Because the pictures are not wanted, reproduce the rest of the records below exactly as they stand.

> _Items from a dataset_
-.-.-
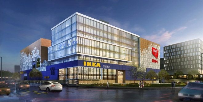 宜家全球較大投資項目薈聚中心上海臨空項目位于福泉路西側、協和路東側、金鐘路北側、北翟路南側,擬建1幢地上8層、地下4層的綜合商辦體??偨ㄖ娣e約43.7萬平方米,其中:地上建筑面積約17.9萬平方米,
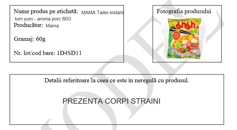 Potrivit atenționării, produsul prezintă corpi străini. VEZI atenționarea ANSVSA AICI.
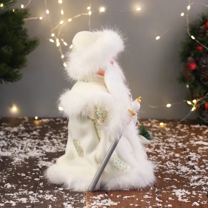 Дед Мороз под ёлку «Зимнее волшебство. Новогодняя игрушка с мешком» двигается, 30 см, белый — Характеристики
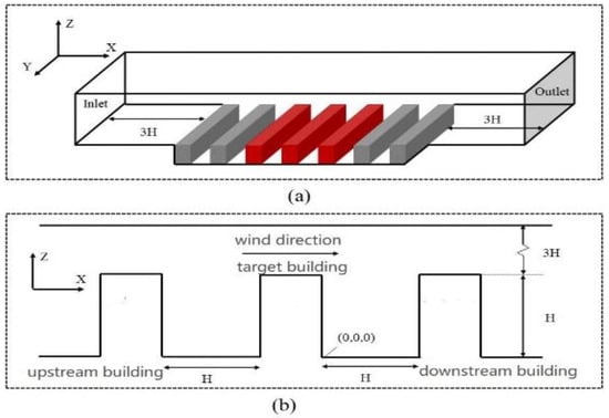 Model settings of the CFD simulation: (a) overall schematic of the model; (b) enlarged schematic of target buildings in the street canyon.
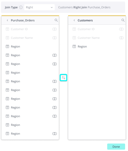 When creating a join between 2 tables, users can switch which table appears on the left and right sides of the join panel by clicking the button (see screenshot below).
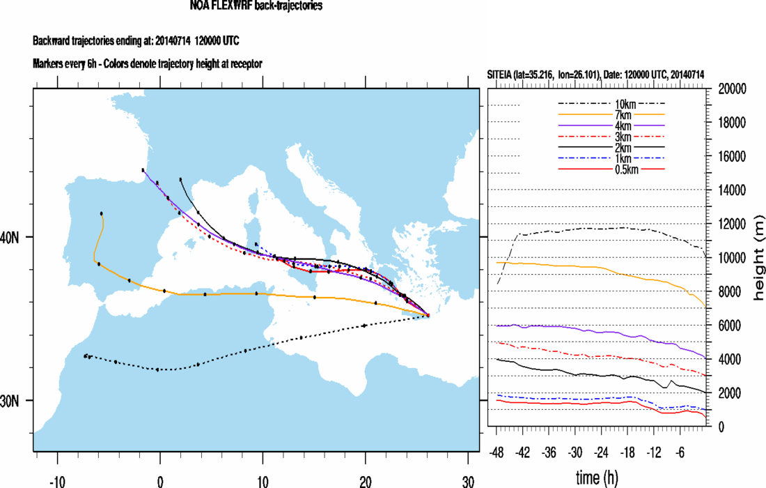 Graph 6: Backtrajectories forecast for Sitia (+ 48 h)
-.-.-
> _WORKED SOLUTION_
 宜家全球較大投資項目薈聚中心上海臨空項目位于福泉路西側、協和路東側、金鐘路北側、北翟路南側,擬建1幢地上8層、地下4層的綜合商辦體??偨ㄖ娣e約43.7萬平方米,其中:地上建筑面積約17.9萬平方米,
 Potrivit atenționării, produsul prezintă corpi străini. VEZI atenționarea ANSVSA AICI.
 Дед Мороз под ёлку «Зимнее волшебство. Новогодняя игрушка с мешком» двигается, 30 см, белый — Характеристики
 Model settings of the CFD simulation: (a) overall schematic of the model; (b) enlarged schematic of target buildings in the street canyon.
 When creating a join between 2 tables, users can switch which table appears on the left and right sides of the join panel by clicking the button (see screenshot below).
 Graph 6: Backtrajectories forecast for Sitia (+ 48 h)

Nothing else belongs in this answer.